[PROBLEM]: What you hand back must match the records word for word, with no pictures.

[RECORDS FOR THIS TASK]:
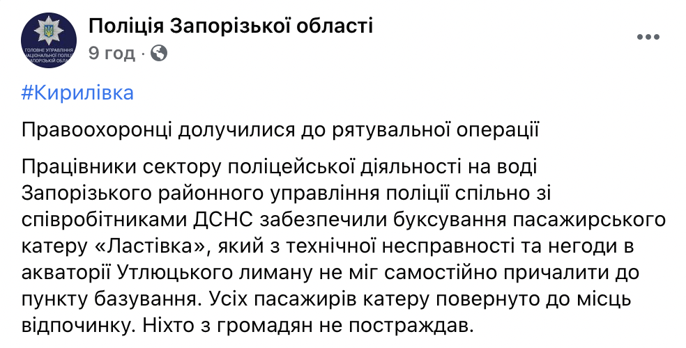 В курортном поселке Кирилловка Запорожской области на протяжении нескольких часов спасатели проводили операцию по спасению пассажиров прогулочного катера, который поломался во время круиза.
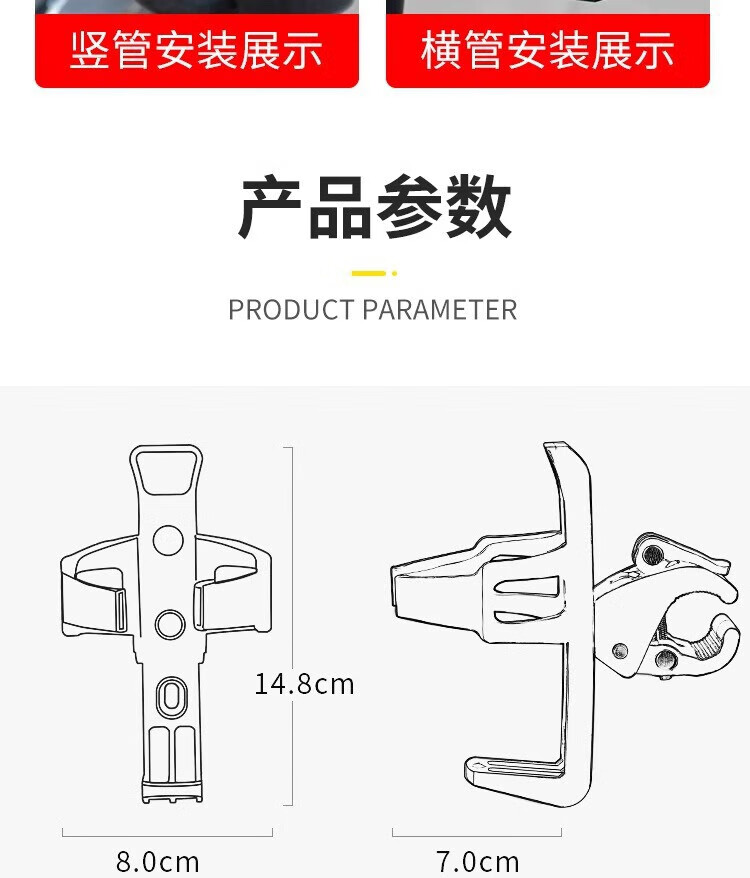 Gu Jianmu can freely hang the water bottle holder without drilling holes, mountain bike water cup holder, battery, electric vehicle drink holder, riding pipe clip lock - black, 1 pack
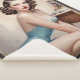 Uma mulher glamourosa com um vestido azul-claro de sacola se posiciona ao lado de uma mesa de madeira com um livro aberto e uma foto enquadrada. Seu penteado e traje evocam um vintage, retrô-se. Leia A História Em: https://xzendor7.com/elegant-pin-up-girl-beauty-in-satin-blue-attire/
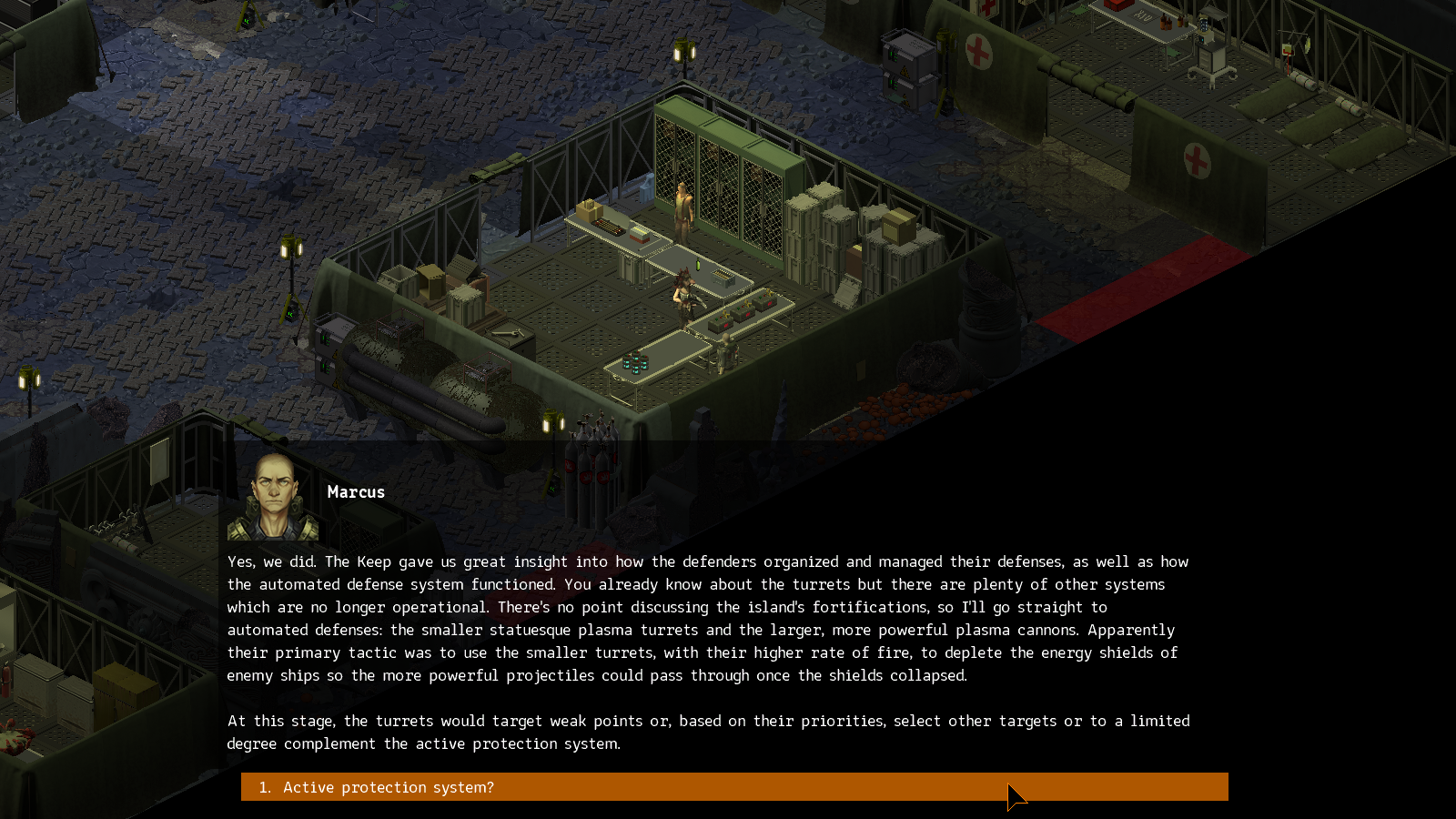 Marcus와 대화하면 캠프 방어에 대해 정보를 얻을 수 있다.
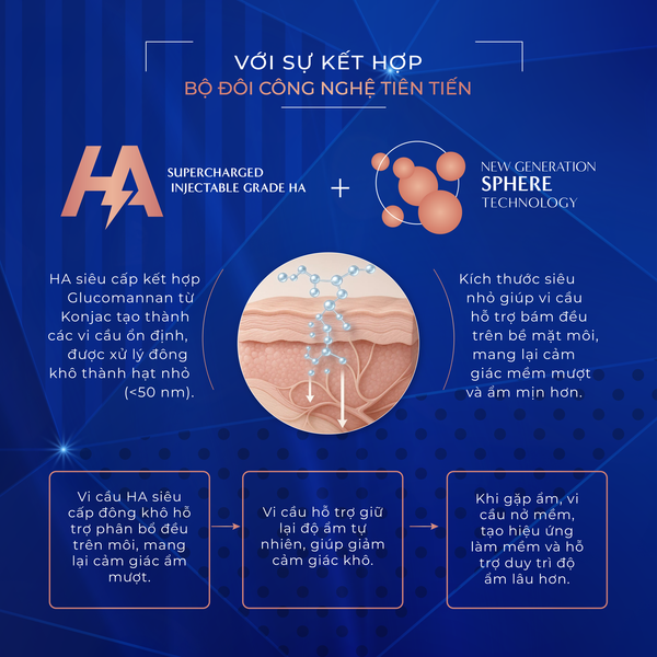 Công nghệ Sphere & HA trọng lượng phân tử kép: hỗ trợ bổ sung độ ẩm và giúp môi duy trì trạng thái ẩm mịn.

[OUTPUT OF THE EXERCISE]:
 В курортном поселке Кирилловка Запорожской области на протяжении нескольких часов спасатели проводили операцию по спасению пассажиров прогулочного катера, который поломался во время круиза.
 Gu Jianmu can freely hang the water bottle holder without drilling holes, mountain bike water cup holder, battery, electric vehicle drink holder, riding pipe clip lock - black, 1 pack
 Uma mulher glamourosa com um vestido azul-claro de sacola se posiciona ao lado de uma mesa de madeira com um livro aberto e uma foto enquadrada. Seu penteado e traje evocam um vintage, retrô-se. Leia A História Em: https://xzendor7.com/elegant-pin-up-girl-beauty-in-satin-blue-attire/
 Marcus와 대화하면 캠프 방어에 대해 정보를 얻을 수 있다.
 Công nghệ Sphere & HA trọng lượng phân tử kép: hỗ trợ bổ sung độ ẩm và giúp môi duy trì trạng thái ẩm mịn.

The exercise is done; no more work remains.